Top of PROVIDED MATERIAL
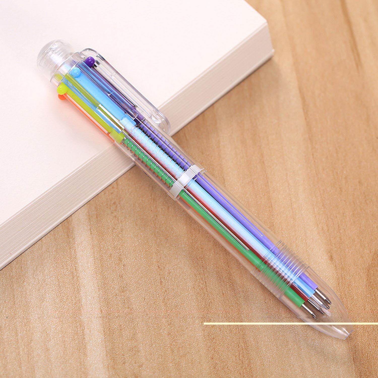 Elek 10 PCS 6 in 1 Multicolor Retractable Ballpoint Rollerball Pens Ballpens for Office School Supplies Students Kids Gift
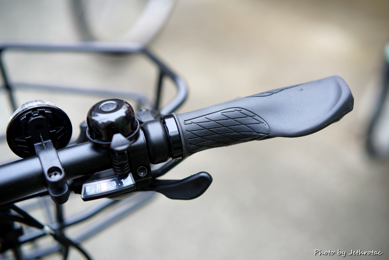 驚いたのがこのグリップ、変な形だなあと思っていたのですが乗ってみるとこの出っ張りがうま~く 前かがみになりその重心がかかる手の部分に当たり優しく受け止めてくれるんですよねえ...良くできてます、これなら冬場以外手袋などは不要かな^^。
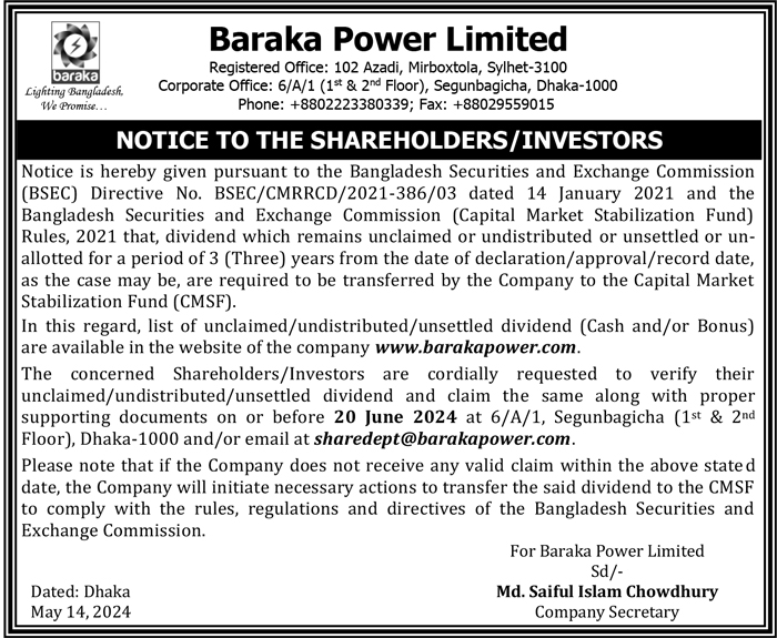 Notice to the Shareholders/Investors of Baraka Power Limited
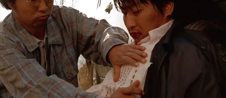 마지막 장면에서 중소기업 사장을 죽이는 조직은, 사장 동진의 가슴에 자신들이 작성한 판결문을 대고 칼을 박는다. 사적 복수를 하는 이들이지만 저 자신은 공적 복수라 믿는다. 죽어가는 동진은 판결문을 읽으려 하지만 거꾸로 박힌 판결문을 읽을 수 없다. 류의 연인 영미를 죽였기 때문이란 내용인데, 동진이 읽었다 해도 순순히 받아들이지 못했을 것이다. 똑같이 중소기업 사장 동진은 류를 죽이면서 "너 착한 놈인 거 안다. 그러니까 내가 너 죽이는 거, 이해하지?"라고 했다. 이 역시 공적 보복을 가장하는 것이고, 아이를 일부러 죽이지는 않은 류는 이해하지 못했을 것이다. 더구나 류는 듣지 못하는 사람이다.
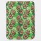 Cute baby blanket with a pattern of sloths on a green background of cecropia leaves, one of their favorite things to eat.
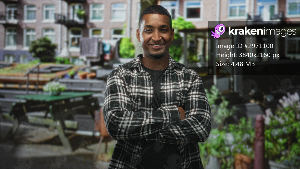 Young black man with arms crossed wearing a black and white plaid shirt on street beside canal houseboats, outdoor tables and potted planters, smiling; confidence casual ease. - Kraken Images
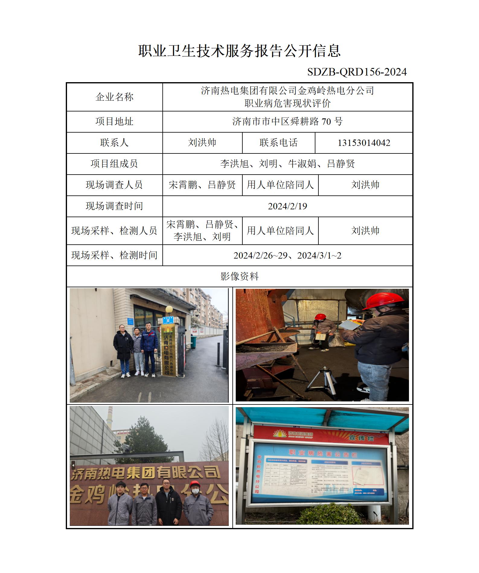 ZBZY24-XP-002济南热电集团有限公司金鸡岭热电分公司职业病危害现状评价信息公开
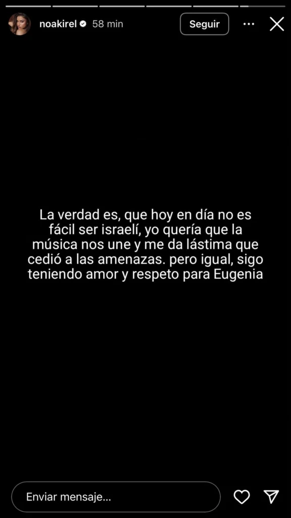 Justamente fue la cantante, Noa la que aseguró la China tristemente debió bajarse del recital luego de ser amenazada: "La verdad es que hoy en día no es fácil ser isarelí, yo quería que la música nos una y me da lástima que cedió ante las amenazadas. Pero igual, sigo teniendo amor y respeto para Eugenia".
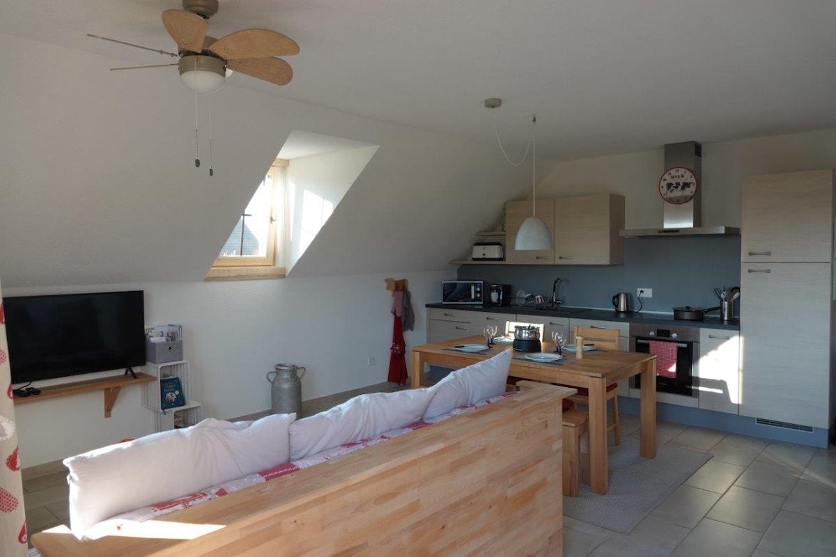 Bienvenue au Gîte La Grange, niché au cœur de la campagne fribourgeoise, à deux pas du lac de Neuchâtel. Vous profiterez ici d’un environnement paisible, entouré de nature, idéal pour se reposer et se ressourcer. Depuis les fenêtres, la vue s’ouvre sur les Alpes fribourgeoises, bercée par les cloches des vaches de la ferme voisine. ✨ Un cadre idéal pour une escapade en couple, le temps d’un week-end ou d’un séjour ressourçant. 👨👩👧 Parfait également pour les familles, jusqu’à 4 personnes
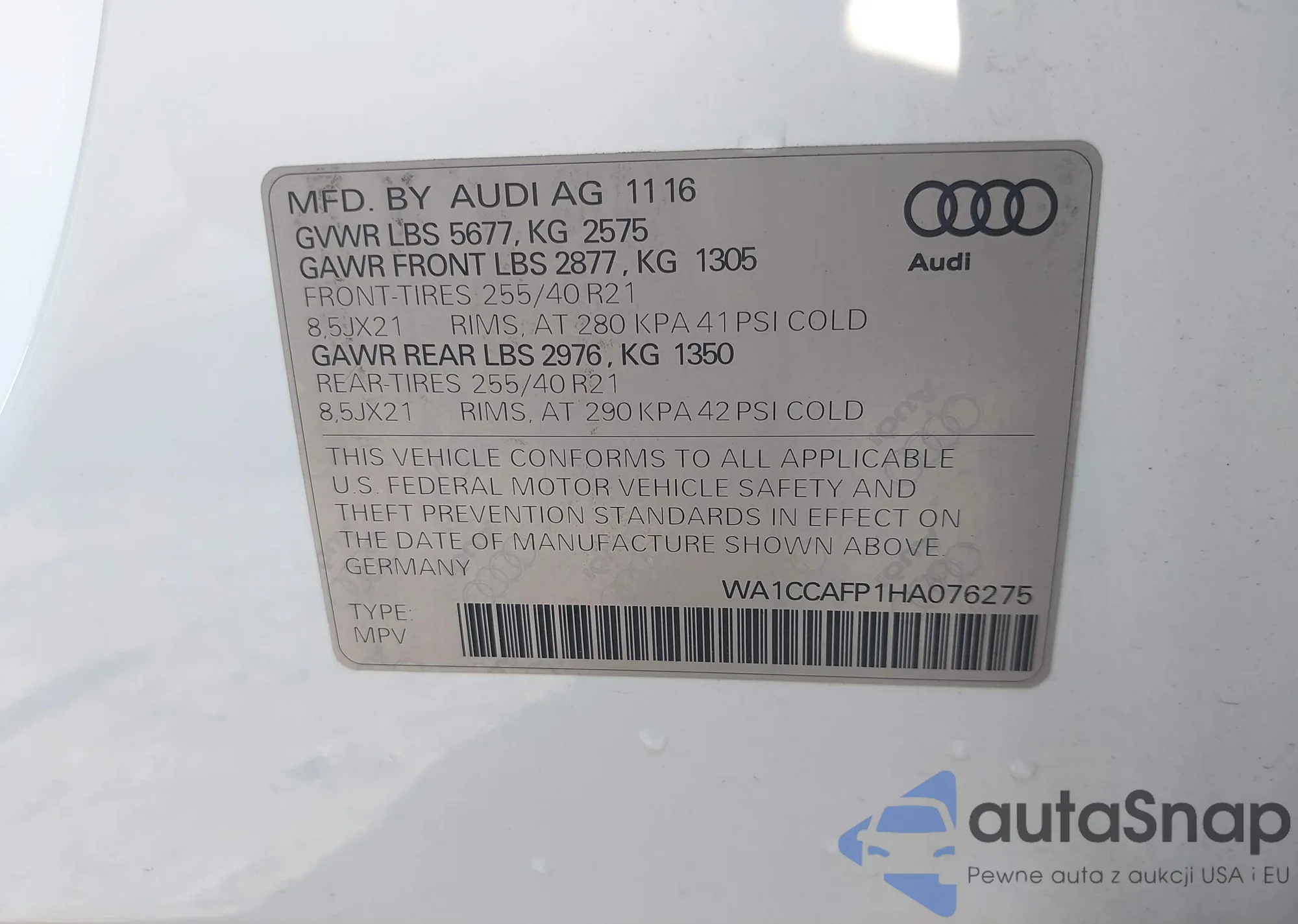 LOT: 42570356 VIN: WA1CCAFP1HA076275
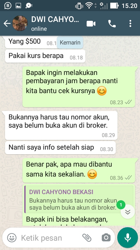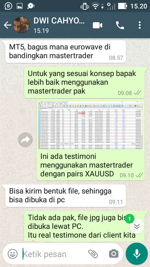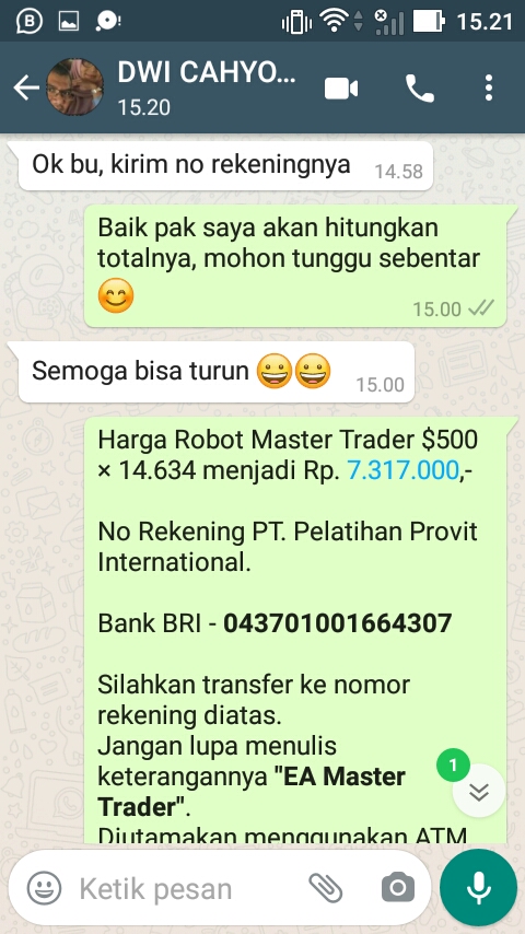 Terima Kasih Bapak Dwi Cahyono Dari Bekasi Atas Pemesanan Ea Master Trader Seharga $500 menjadi Rp. 7.317.000,-. Semoga Bapak profit terus menggunakan Robot Master Trader kami, AMIN.
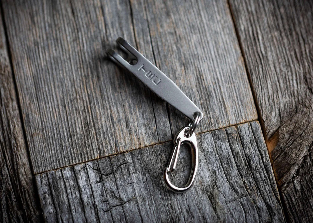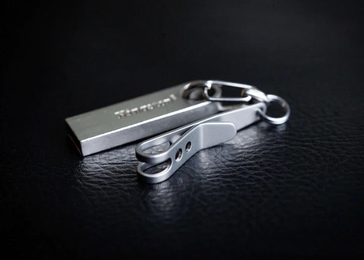 The cure for the "too-big keychain" pocket bulge, the P-7 Suspension Clip slides on to the top edge of your pocket, allowing anything clipped to it to be suspended part way into your pocket. This provides a flatter, more streamlined way of carrying your keychain gear. Put large items, like your key fob, on the P-7 clip to keep it separate from the rest of the items in your pocket. Or you can attach one of our UFO organizers to the P-7 and add even more gear without bulging out your pockets.
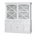 Hamptons Coastal Seaside Glass Hutch Cabinet and Buffet in Black/WHITE
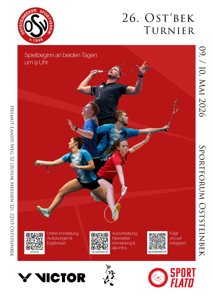 | Meldung: | Meldung ausschließlich Online über www.dbv.turnier.de (26. Ostbek Turnier | Deutscher Badminton Verband) möglich |
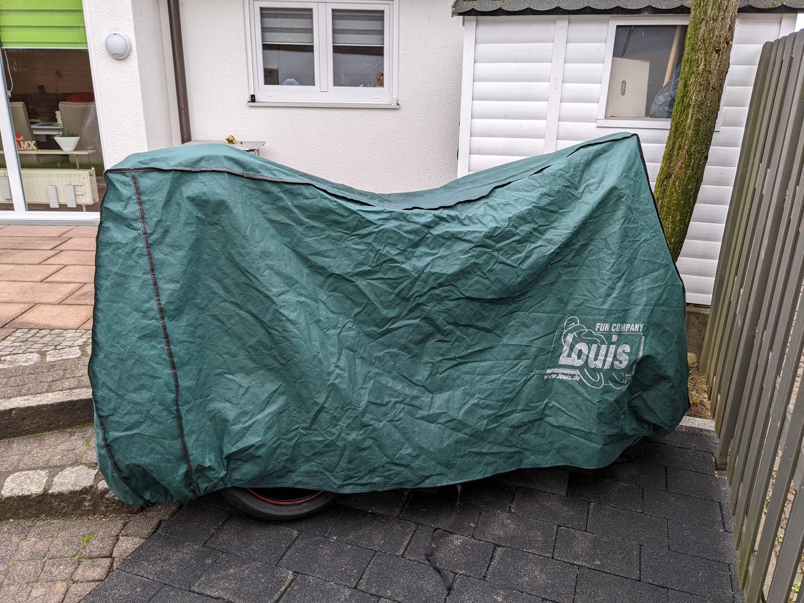 - schweres Material (weht nicht davon und fällt quasi von allein über das Mopped)
Bottom of PROVIDED MATERIAL
• TASK OBJECTIVE
In the answer, set down only the lines from the opening line of the listing through the line that holds "ZBZY24-XP-002济", exactly as they appear, minus the pictures.

• EXPECTED ANSWER
 Elek 10 PCS 6 in 1 Multicolor Retractable Ballpoint Rollerball Pens Ballpens for Office School Supplies Students Kids Gift
 驚いたのがこのグリップ、変な形だなあと思っていたのですが乗ってみるとこの出っ張りがうま~く 前かがみになりその重心がかかる手の部分に当たり優しく受け止めてくれるんですよねえ...良くできてます、これなら冬場以外手袋などは不要かな^^。
 Notice to the Shareholders/Investors of Baraka Power Limited
 마지막 장면에서 중소기업 사장을 죽이는 조직은, 사장 동진의 가슴에 자신들이 작성한 판결문을 대고 칼을 박는다. 사적 복수를 하는 이들이지만 저 자신은 공적 복수라 믿는다. 죽어가는 동진은 판결문을 읽으려 하지만 거꾸로 박힌 판결문을 읽을 수 없다. 류의 연인 영미를 죽였기 때문이란 내용인데, 동진이 읽었다 해도 순순히 받아들이지 못했을 것이다. 똑같이 중소기업 사장 동진은 류를 죽이면서 "너 착한 놈인 거 안다. 그러니까 내가 너 죽이는 거, 이해하지?"라고 했다. 이 역시 공적 보복을 가장하는 것이고, 아이를 일부러 죽이지는 않은 류는 이해하지 못했을 것이다. 더구나 류는 듣지 못하는 사람이다.
 Cute baby blanket with a pattern of sloths on a green background of cecropia leaves, one of their favorite things to eat.
 Young black man with arms crossed wearing a black and white plaid shirt on street beside canal houseboats, outdoor tables and potted planters, smiling; confidence casual ease. - Kraken Images
 ZBZY24-XP-002济南热电集团有限公司金鸡岭热电分公司职业病危害现状评价信息公开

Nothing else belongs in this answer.